Preferentiële oorsprong onder het vrijhandelsakkoord
De mogelijkheid van zelf-certificatie
Wil u als exportbedrijf in aanmerking komen voor preferentiële tarieven bij invoer in het VK of de EU? Dan moet u op uw douaneaangifte een beroep doen op de preferentie en verklaren dat u in het bezit bent van een bewijs dat de goederen aan de oorsprongsregels voldoen. Op uw factuur of een ander handelsdocument waarop al uw producten geïdentificeerd worden, voegt u dan ook een oorsprongsverklaring toe.
Specifieke gevallen
- Registered Export System (REX): een REX-registratie is enkel nodig voor zendingen van preferentiële origine boven 6.000 euro. Als u hiervoor nog niet geregistreerd bent bij de douane, dient u eerst een aanvraagformulier in te vullen en op te sturen. Meer info vindt u hier.
-
Ontheffing voor kleine zendingen: sommige goederen kunnen worden ingevoerd zonder dat een formeel bewijs van oorsprong nodig is. (zie artikel ORIG.23).
Deze ontheffing geldt momenteel voor invoer in het VK van goederen met een waarde onder 1.000 Britse pond, ongeacht of ze voor commerciële of niet-commerciële doeleinden worden ingevoerd. Deze ontheffingen zijn echter niet van toepassing als de invoer een reeks van importen vormt die afzonderlijk worden verricht om de normale vereisten te ontduiken.

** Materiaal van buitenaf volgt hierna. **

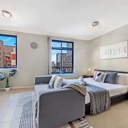 Comfy Studio Close To Central, Usyd & Utsには台所が備わっており、自身で食事を作ることができます。 宿泊施設はPaddy's Marketsシティレールから徒歩で5分の場所にあります。
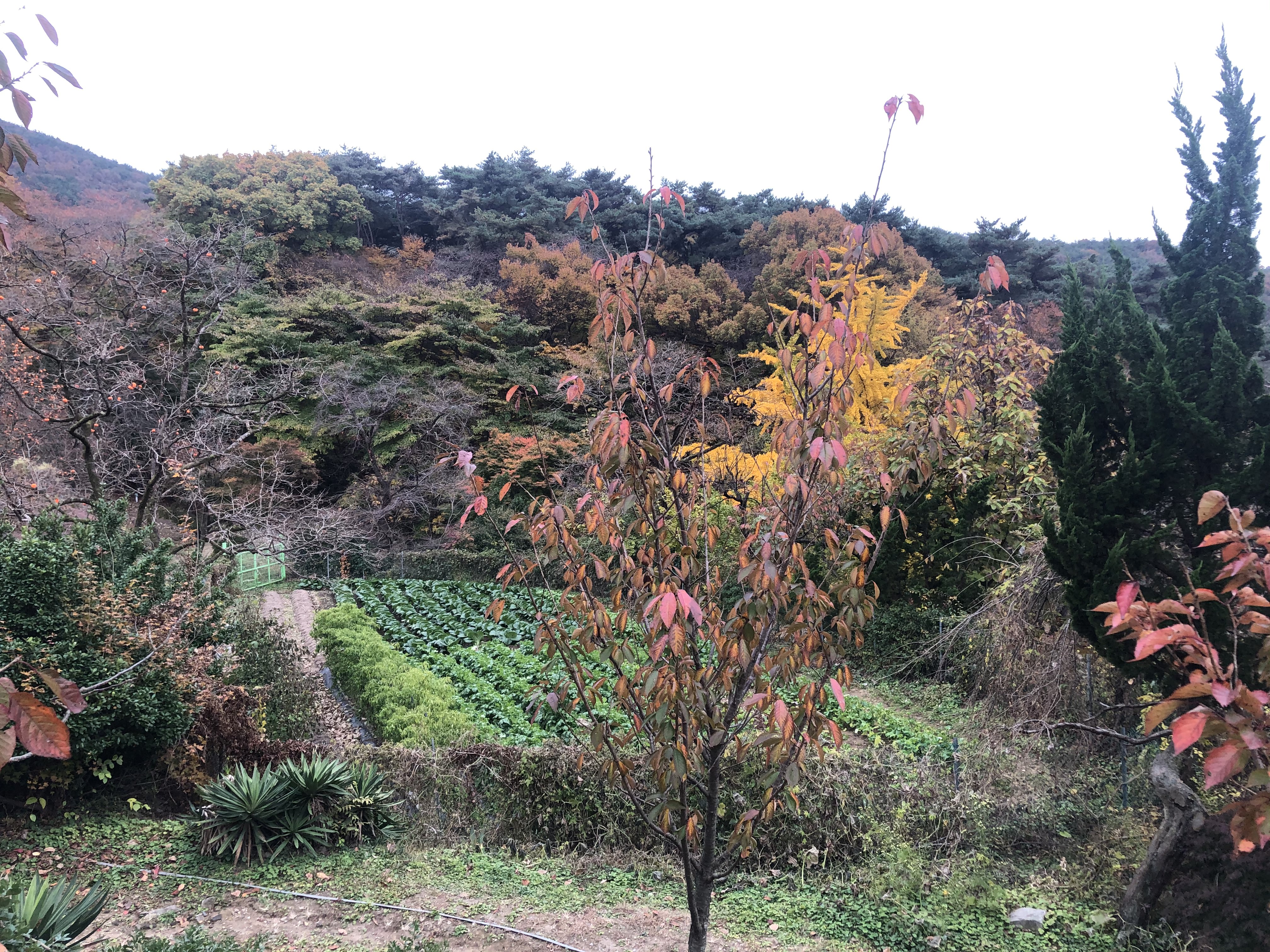 가운데 저 멀리 단풍을 물들인 청벚꽃 나무가 서있다.
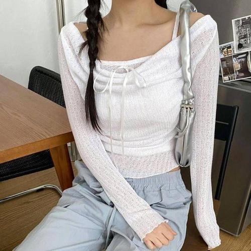 [셀러허브_여성트랜드패션]Rly 맨투맨 레이어드코디 오프숄더 크롭티셔츠 간절기
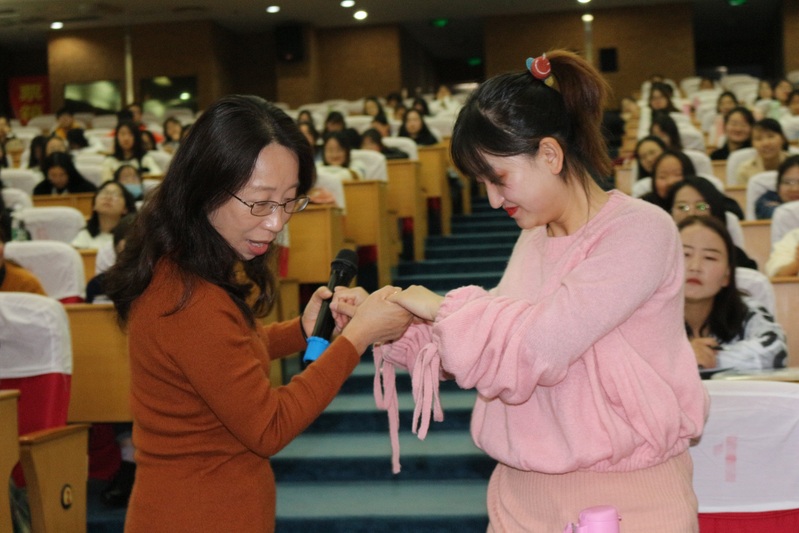 谈老师的讲解生动有趣,整场讲座气氛轻松活跃,过程中设计了许多互动环节,同学们都积极配合,参与其中,在游戏和欢笑中学到了许多。从谈老师提供的案例中,同学们感受到了活动设计细节的重要性,每一个环节都应该经过精心的思考,有其存在的意义,应时刻牢记以幼儿为中心,以巧妙的活动设计引起和维持幼儿的兴趣,将幼儿的无意注意和有意注意相结合,将游戏与音乐活动相结合,让幼儿在游戏中学,在活动中得到全面发展。谈老师最后强调任何有趣的游戏都可以与教育活动相结合从而达到相得益彰的效果,具体怎样实践运用值得同学们在未来的工作中去研究去探索去创新。
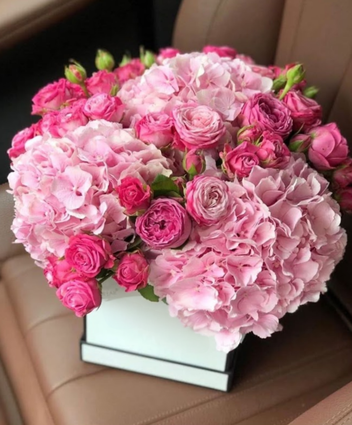 Pink hydrangeas with tea mini roses in an arrangement inspired by English tea ceremony.
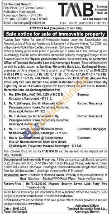 Description of the Immovable Properties; All the parts and parcel of land to an extent of 22.50 cents at R.S.No. 547/1 (New 547/1 pt 65) Parappa Village, Vellarikundu Taluk, Kodom Belur Grama Panchayat, Kasaragod District and house building thereon bearing Door No. 250/B at ward no 9 standing in the name of Mr. P. P. Latheef,
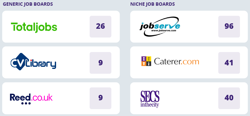CV-Library and Reed.co.uk received a third of TotalJobs’ average, at 9 each.
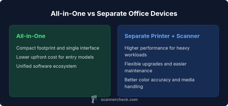 For most offices, the key decision rests on workload, space, and budget. All-in-one scanner-printers offer a compact footprint and simplified software, but can compromise on throughput and color fidelity. A dedicated printer plus a separate scanner usually delivers higher performance for heavy workloads and easier upgrades. According to Scanner Check, start with your workload mix and available space to choose the best fit, then pilot both approaches if possible.
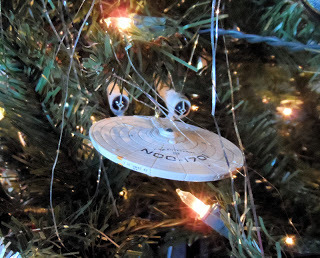 My husband is a collector, and he collects these little Star Trek ornaments. His birthday is early in December, and his sister used to buy one for him every year. I've taken over the tradition, making sure he doesn't miss anything cool. (Last year he got a Hallmark Cylon instead. It's a riot, it says all sorts of comical things.)
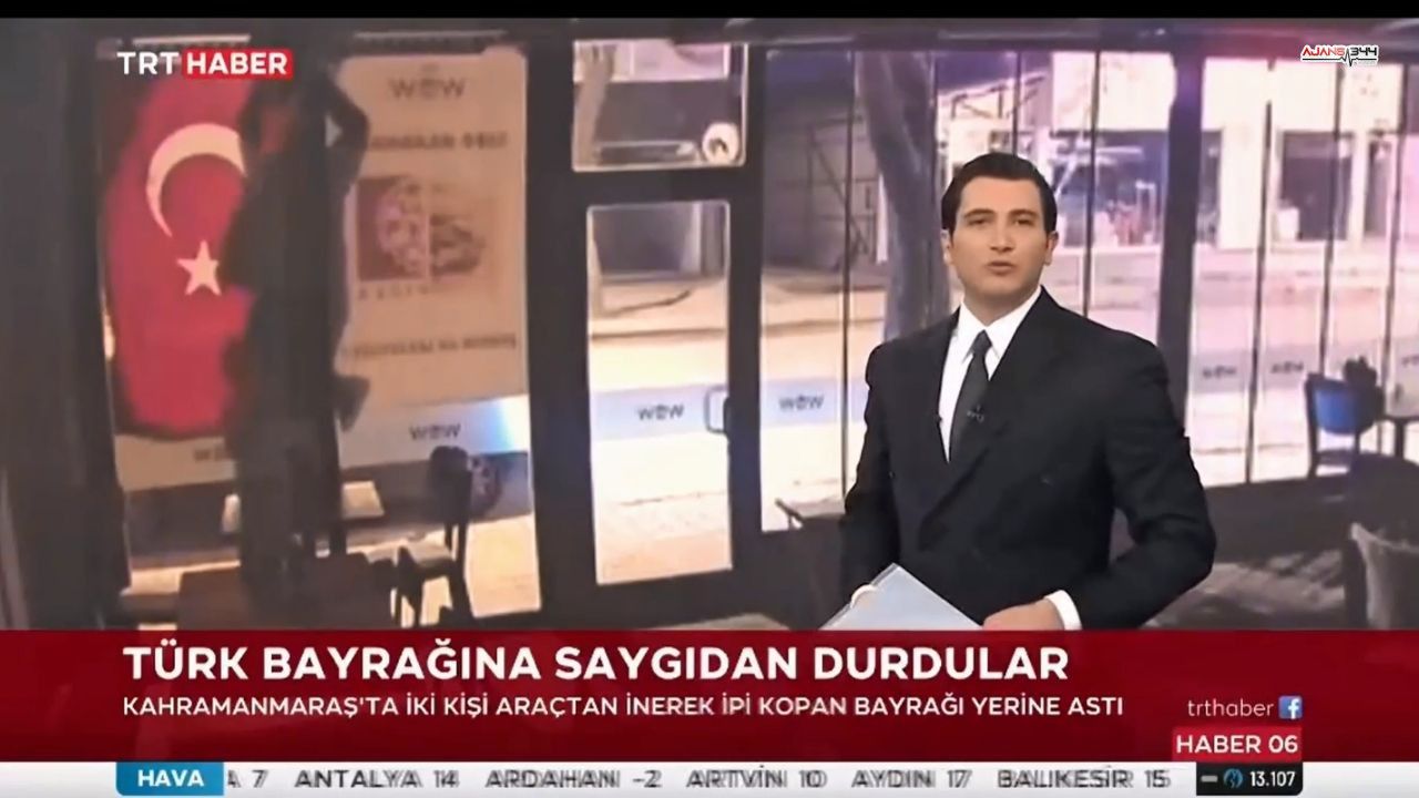 Kahramanmaraş’ın Elbistan ilçesinde duyarlılık örneği sergilendi. Seyir halindeyken bir işletmenin camında asılı Türk bayrağının ipinin koptuğunu fark eden iki kişi, araçlarını durdurarak duruma müdahale etti. Bayrağın yere temas etmemesi için harekete geçen vatandaşlar, kısa sürede bayrağı yeniden yerine sabitledi.
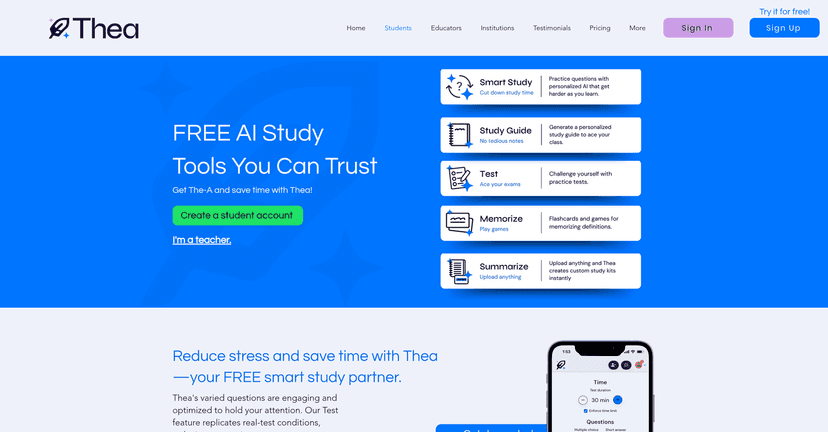 Thea is an impressive learning platform that personalizes your study experience by converting course materials into customized study kits. Whether you’re working with handwritten notes, PDFs, or lecture videos, Thea makes it seamless. Plus, it utilizes powerful techniques like active recall and spaced repetition to make sure you’re not just memorizing, but really understanding the material. The multilingual support adds another layer of accessibility, allowing users from various backgrounds to make the most out of their studies. With a user-friendly interface, Thea puts everything you need at your fingertips, no matter where you are.

Zo claimt u preferentiële oorsprong: 2 opties
Een bewijs van oorsprong dient om aan te tonen dat de goederen als van oorsprong kunnen worden beschouwd en in aanmerking komen voor een preferentie. Dit bewijs kan twee vormen aannemen:
- een door de exporteur op een handelsdocument ingevulde verklaring van oorsprong;
- de kennis van de importeur (en het bijbehorende bewijs) over de oorsprong.
1. Via een verklaring van oorsprong
Een oorsprongsverklaring is een voorgeschreven tekst die de exporteur aan de factuur of een ander handelsdocument (paklijst, leveringsbron …) toevoegt en waarin het product van oorsprong voldoende nauwkeurig is omschreven om het te kunnen identificeren. De tekst voor zo’n verklaring vindt u hier.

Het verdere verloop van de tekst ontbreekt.